Ketiga

I Don’t Mind the Pain

Suara-suara seperti dengungan yang lama-kelamaan terdengar seperti sebuah percakapan membuat Taehyung ingin berteriak agar mereka diam. Itupun, Taehyung tidak yakin kalau ia bisa sungguh berteriak dalam keadaan seperti ini. Seluruh tubuhnya terasa lemas dan ia jadi merasa berada di ambang kematian. Makanya, ia masih tidak habis pikir kenapa orang-orang tidak bisa menutup mulut dan membiarkannya beristirahat dengan tenang.

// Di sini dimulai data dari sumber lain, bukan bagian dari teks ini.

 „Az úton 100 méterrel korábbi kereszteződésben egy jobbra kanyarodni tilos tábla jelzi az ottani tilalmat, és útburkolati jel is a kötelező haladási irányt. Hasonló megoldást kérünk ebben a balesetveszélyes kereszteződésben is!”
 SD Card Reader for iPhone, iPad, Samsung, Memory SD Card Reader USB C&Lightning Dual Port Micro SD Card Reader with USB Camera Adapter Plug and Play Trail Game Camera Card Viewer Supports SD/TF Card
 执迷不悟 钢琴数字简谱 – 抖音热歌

Di tengah jeda percakapan itu, Taehyung mendengar suara mesin elektrokardiograf  yang dengan lemah menggambarkan kondisi jantungnya. Mesin itu seolah membuktikan kalau siapapun orang yang berada di dalam ruangan adalah sekumpulan idiot yang begitu tega tidak membiarkannya istirahat padahal kondisi jantungnya sangat amat lemah.

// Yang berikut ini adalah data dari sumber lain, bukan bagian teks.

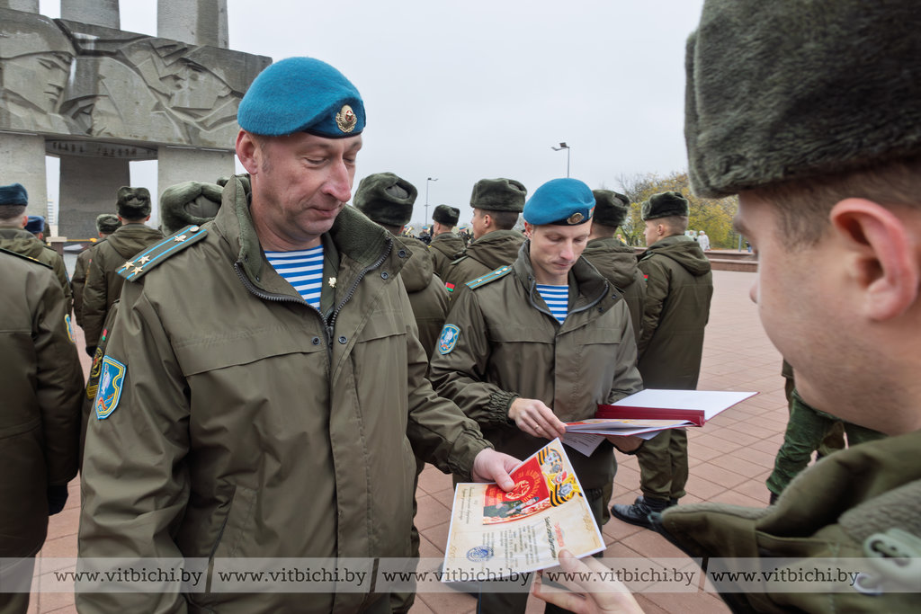 Более трехсот военнослужащих 103-й Витебской отдельной гвардейской воздушно-десантной бригады, отслужившие установленный срок, попрощались с командирами и товарищами на торжественной церемонии на площади Победы.
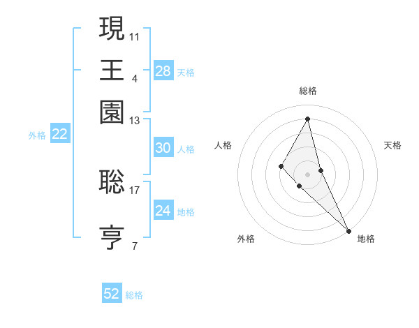 現王園 聡亨さんを姓名の画数から五運を鑑定
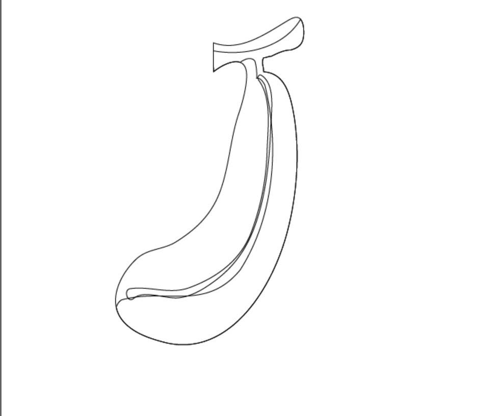 1、用路径工具画出一只香蕉的基本形状路径,注意是顶端的结头,还有香蕉本身的三种色彩的路径绘制。
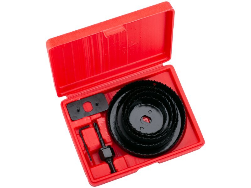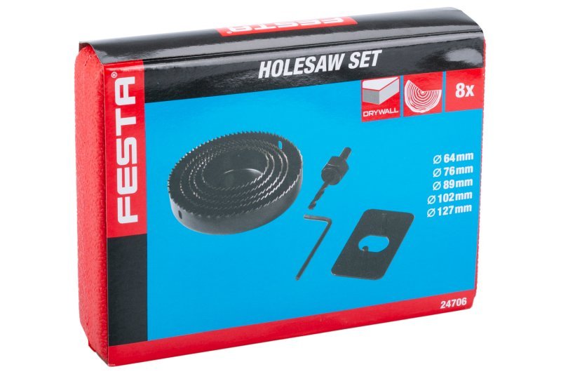Sada vykružovacích pil 8ks do dřeva a sádrokartonu, průměr: 64,76,89,102,127 mm, inbus+hlavička. Instruktážní video

Awas saja kalau ia bangun nanti.

.

.

.

Jeonggok memainkan jarinya sambil menunggu dengan gelisah di luar ruangan. Segera setelah membawa tubuh Taehyung ke ruang kesehatan dan menjelaskan seadanya ke guru piket kesehatan, Jeongguk tidak bisa mengelak saat ambulan datang dan meminta siapapun yang bisa menjadi wali Taehyung untuk ikut ke dalam mobil. Jeongguk amat kesal. Ia kesal karena terus terlibat dengan pemuda ini membuatnya mendapat kesialan beruntun. Jika kemarin ia dilecehkan secara seksual olehnya, sekarang ia hampir menjadi tersangka dan bahkan terdakwa tunggal dari sebuah kasus pembunuhan. Lalu, apa besok? Oh God, betapa Jeongguk berharap kalau mulai besok ia bisa terlepas dari ikatan anehnya dengan Kim Taehyung.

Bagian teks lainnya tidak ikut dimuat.